Laura Marling – Short Movie
It is extremely difficult for me to choose a favourite album from Laura Marling. I’ve been a super fan since I was sixteen. However, this record in particular was her first trek into the world of electric guitar, and a window into her personal world on a level that really resonated with the way I also see the world. In interviews, I’ve learned this has been her least favourite album of her discography. I think it’s important for all artists to understand that our least valued works could be someone else’s favourite thing we’ve ever done. It is best enjoyed on a sunset drive in the desert.

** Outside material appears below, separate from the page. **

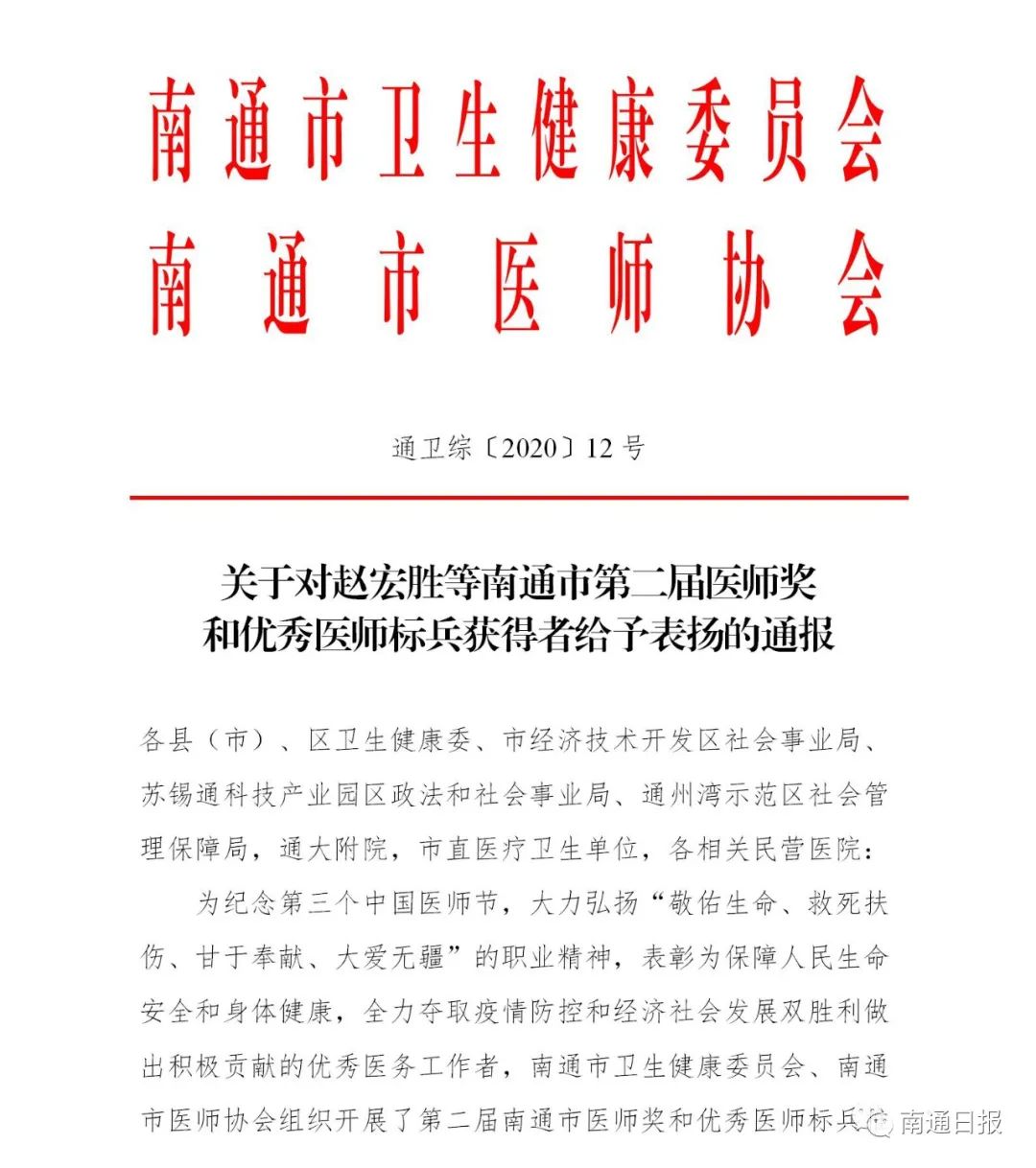 從醫(yī)近20年來(lái),他堅(jiān)守“醫(yī)乃仁術(shù),人命至重,普同一等,一心赴救”的人生格言,廉潔行醫(yī)、始終如一,深受患者愛(ài)戴和同行敬重。先后被評(píng)為南通市衛(wèi)生系統(tǒng)百佳醫(yī)生、南通市開(kāi)發(fā)區(qū)優(yōu)秀共產(chǎn)黨員、南通市“十三五”科教強(qiáng)衛(wèi)工程青年醫(yī)學(xué)重點(diǎn)人才。

Dry the River – Shallow Bed
This album is a bit of a throw back for me, but I can’t deny the repeat spins I’ve put it through. I’ll never not enjoy listening to this record – Peter Liddle is one of my favourite lyricists of all time. I’m devastated that I’ll never get the chance to see this band perform live. This album is best enjoyed on a 12+ hour drive just as you’re getting too sleepy. 10/10 singing, ‘I loved you in the best way possible’ will give you the energy you need to keep going.
One film I love:
Ari Aste – Hereditary
I think this is the scariest movie I have ever seen. I remember seeing it in theaters, and begging my friend to sleep in my bed with me that same night (she did, thank god). I love viewing it with others for their first time and seeing the shock and disgust on their faces. I love this movie for the way that Aster approaches composition, amongst his other visual skills. This film also really fills my intrigue for occult and historical accuracies. And for those who have seen it, I love to discuss whether the ending was a positive resolve or not… (I think it was).
One book I love:
Ingrid Croce – I Got a Name: The Jim Croce Story
I read this book when I first moved to Austin, and didn’t yet have a social circle. It kept me good company by the way I couldn’t put it down. I did, however, prolong finishing the book because I wasn’t ready to read of Croce’s death and have to say goodbye to the life of an artist I highly regard in my mind. I most enjoy reading of the lives of other musicians as a way to understand my own journey in the industry. It calms my nerves to see the different paces each artist blooms at. I’m only 25 now, but in my head I’m 89 and running out of time.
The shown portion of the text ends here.